Tuesday, July 8, 2014

34.) A Free Lunch!

Do you love sanding?

No?  Are you sure?  Want to think it over at little more carefully before you reply?

Okay. Alright. I don't love it either. But it is and probably always will be a critical part of boat work. So that's why this humble boat restorer decided to invest four hours of his day today attending a free seminar focused exclusively on the topic of sanding. It was sponsored by Stiles, a Michigan-based machinery company, hosted by a cabinet shop in Greenpoint, and attended by a representative from 3M.

Overall, the session was kind of disappointing. I learned much more about sanding technique several years ago by spending half an hour with Carl at McMichael's Yacht Yard in Mamaroneck. Carl is a real treasure. He transforms sanding into something approaching an art form. He doesn't use machines or sanding blocks, but instead folds a piece of sandpaper carefully in his palm and goes to work, letting his trained hands feel the highs and lows he needs to even out with the paper. He also feels the resistance of the paper as it scratches the surface, information that tells him how close he is to being able to move to a higher grade. He focuses on one small area at a time and doesn't move on to the next until he has the object of his current focus finished. He does amazing work that I can't duplicate in either speed or quality no matter how hard I try. His level of patience and discipline are superhero qualities to me. I'm patient, too, but if sanding were a sport I'd be on the junior farm team and Carl would be on the starting lineup on a pro team. 
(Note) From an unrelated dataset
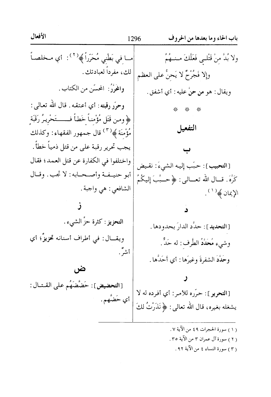 [التحرير]: حرّره للأمر: أي أفرده له لا يشغله بغيره، قال الله تعالى: نَذَرْتُ لَكَ ماا فِي بَطْنِي مُحَرَّراً «2»: أي مخلصاً لك، مفرداً لعبادتك.

I did learn something at the event that I had never heard before that I think is worth passing on. It's this: As soon as it is freshly sanded, wood that's newly exposed to air begins to oxidize. Within 24 to 48 hours, it's composition is affected and starts to change. This matters because it affects the ability of a finish to penetrate the wood fibers, impacting the appearance of a finish (especially a stain, varnish, sealer—or anything transparent) as well as the adhesion of the coating.

The bottom line: don't let 24 hours elapse between the time you finish sanding something (whether it's a mahogany tiller or a hardwood floor) and the first coat of finish. The 3M guy said that cabinet makers who complain about the results they get in the finishing room often end up revealing that they typically complete construction on Friday and begin the finishing process on Monday. Big mistake.

If in doubt, MMM suggest you try the drip test. Put droplets of water on your sanded wood and see if the droplets disperse and penetrate the wood or if they tend to sit intact on the surface. If the latter happens, the oxidation has become a problem and will lead to things like stain blotches on a beautiful piece of hard maple.

A piece of sandpaper rated 36 is not exactly interchangeable with one rated P36.

Another thing I suspected but didn't know for sure is that a regular 220 grit sandpaper is different from P220 paper. The ratings with the P follow the European numbering system, which has been gaining in popularity. They are not radically different, but they are different. (I don't know if that's because Europeans measure the grain count metrically rather than Imperially. I do know that the ratings for U.S.-made sandpaper relates to the number of tiny pieces of crushed rock glued to the paper per square inch. A 220 paper has 380 fewer pieces of rock on it per square inch than a 600 paper.)  There's also some new measurement system I didn't pay much attention to in which the finest paper is rated 1 and everything courser has a correspondingly higher number.   If you want to see how this confusion plays out, click on this link: http://www.mibnet.se/home-improvement/sandpaper-grit-size-comparison-between-european-and-us-standards.html  It might help you get your ps straight, if not your qs.

The final thing I learned is that 3M has developed a new sandpaper that is somewhat revolutionary (in the sanding world at least). It contains a new abrasive made of a ceramic mineral that has two advantages: first, unlike the particles on regular sandpaper, the abrasive is identically sized and shaped; second, the tiny bits of stuff that scratch gradually break down in a controlled manner forming sharp new peaks that keeps the sandpaper working.

From 3M literature: "The secret lies in the revolutionary precision-shaped ceramic grain technology pioneered by 3M. As the triangular shaped grain 
wears, it continuously fractures to form sharp points and edges that 
slice through metal, wear evenly and provide super-long life and 
consistency at any grinding pressure."

The new sandpaper is made of a ceramic mineral and the new brand is something 3M is calling "Cubritron II."  (I have no idea what happened to the first Cubitron).



"This is already a game changer in the metalworking world," the 3M guy declared—and I think that's probably at least mostly true, mind-blowing as it may be. At the moment, the new paper is available only in very rough grits for wood: 36, 60 and 80. But I plan to try to get my hands on some, try it out, and report on the results. There were no free samples at the sanding seminar (I am still shaking my head that I voluntarily went to such an event). But I did get a free roast beef sandwich.